Teeth clamped around his throat, the sharp points popping through the skin like fingernails though a balloon. Warm blood streamed as they drove in, but Mason was already there. Even as he felt his jugular and more tear, he rammed the knife between two ribs and right into Jed’s heart.
Chapter Nine
Lycan blood coated her blades and ran down her arms, but Andy didn’t bother to wipe it away. She’d only get bloody again. Using both hands she dispatched the wolf in front of her with a vicious, cross-handed swipe and watched without emotion as it dropped lifeless to the ground. Blood surged from the ruin of its throat onto the thirsty dirt below. Idly she wondered what would grow there, with the soil being watered with wolf’s blood. Plants with a tendency to bite and snarl at other plants?
Then it happened. She looked up at the howl behind her, and started to turn. They’d heard plenty of howls during the attack, but this was different. The fury and defiance, the general bad-assed, I’m-a-wolf tone was gone, replaced by a sound of unimaginable torment so complete it made even Andy shudder.

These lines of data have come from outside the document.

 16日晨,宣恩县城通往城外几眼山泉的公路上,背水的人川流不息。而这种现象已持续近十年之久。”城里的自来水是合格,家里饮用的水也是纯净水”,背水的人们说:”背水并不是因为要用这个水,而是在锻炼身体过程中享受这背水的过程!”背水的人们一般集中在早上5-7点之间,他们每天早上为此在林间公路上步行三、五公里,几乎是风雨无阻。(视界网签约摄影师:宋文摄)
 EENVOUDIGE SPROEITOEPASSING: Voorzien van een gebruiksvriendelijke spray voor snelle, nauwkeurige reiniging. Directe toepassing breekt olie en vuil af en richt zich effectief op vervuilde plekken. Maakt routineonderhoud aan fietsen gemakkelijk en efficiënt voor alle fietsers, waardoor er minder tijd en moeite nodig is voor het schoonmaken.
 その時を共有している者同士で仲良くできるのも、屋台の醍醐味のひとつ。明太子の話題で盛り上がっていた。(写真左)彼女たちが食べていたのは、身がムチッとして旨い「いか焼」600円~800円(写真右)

She whipped around. A huge wolf was on its side, writhing in pain. Its shape-shifting ability seemed to be completely out of control. Its body was in a continuous state of flux, each part shifting from human to wolf independently of any other. Bones popped and cracked, breaking only to reform themselves, then start the cycle all over again. She winced as its ribcage inflated to the size of a barrel but its shoulders turned human. Even from here she could hear muscles tearing and bones creaking as they tried to settle into a form even the current, twisted version of nature had never intended.
The skin was worse. Sickeningly worse. It bubbled and slid, flowing over the monstrous forms beneath, but like everything else, it couldn’t seem to make up its mind what to be. One second it was hide and fur, and the next it was soft human skin regardless of what lay underneath. A massive paw formed from the end of a human arm, then covered itself in skin before the bones within, too large for the casing, ripped through it.

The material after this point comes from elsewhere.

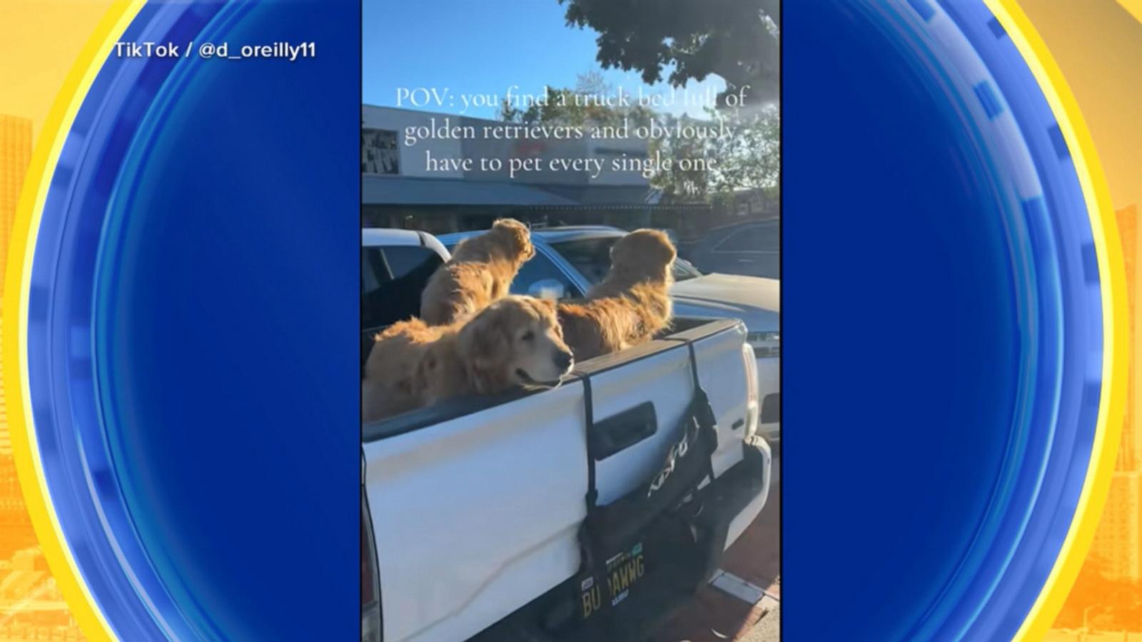 WATCH: Golden retriever trio shines bright at sunset

She turned her head away for a second, covering her mouth as bile rose, and fought the urge to lose her lunch. She hated to be sick but just looking at that was enough to make her forget the habit of a lifetime.
The sound of torment rose into a plaintive plea for mercy. A death howl which called to every non-human instinct she had. All emotion leeching from her, Andy stepped forwards and into the Shade, her blades already raised for the killing blow.

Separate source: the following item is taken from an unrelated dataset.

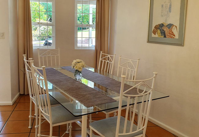 Tastefully furnished with Queen or twin beds, en suite bath and shower, Led flat screen TV, M-Net shared DSTV, fridge, tea tray, safe, hairdryer, winter heating, electric blankets, overhead fans, desk and seating area. A double door opens onto an undercover patio, garden and BBQ area with majestic views of the distant Constantiaberg Mountains, Constantia valley and its wine farms. Free access to the internet

Warmth and color disappeared as she left the land of the living behind. Here things were calmer, so much simpler. Spectral souls, human and Lycan, waited by their bodies, nice and orderly, for her to go along and reap them. She ignored them. They were dispatched. First she needed to deal with the tortured wolf.
Without asking, she knew it was the alpha, Jed. The power rolling off him was unmistakable. Just as she knew what had killed him. The silver-treated knife lodged into his heart glowed white hot in her enhanced vision. Even if she’d been of a mind to kill him, he was done for. After the blade had entered his heart to deliver its fatal payload, the continuous form changes had locked it within his flesh, putting protective layer after layer over it. The only way they were getting it out would be with a gifted surgeon, or a chainsaw.
She sure hoped that wasn’t Mason’s favorite knife.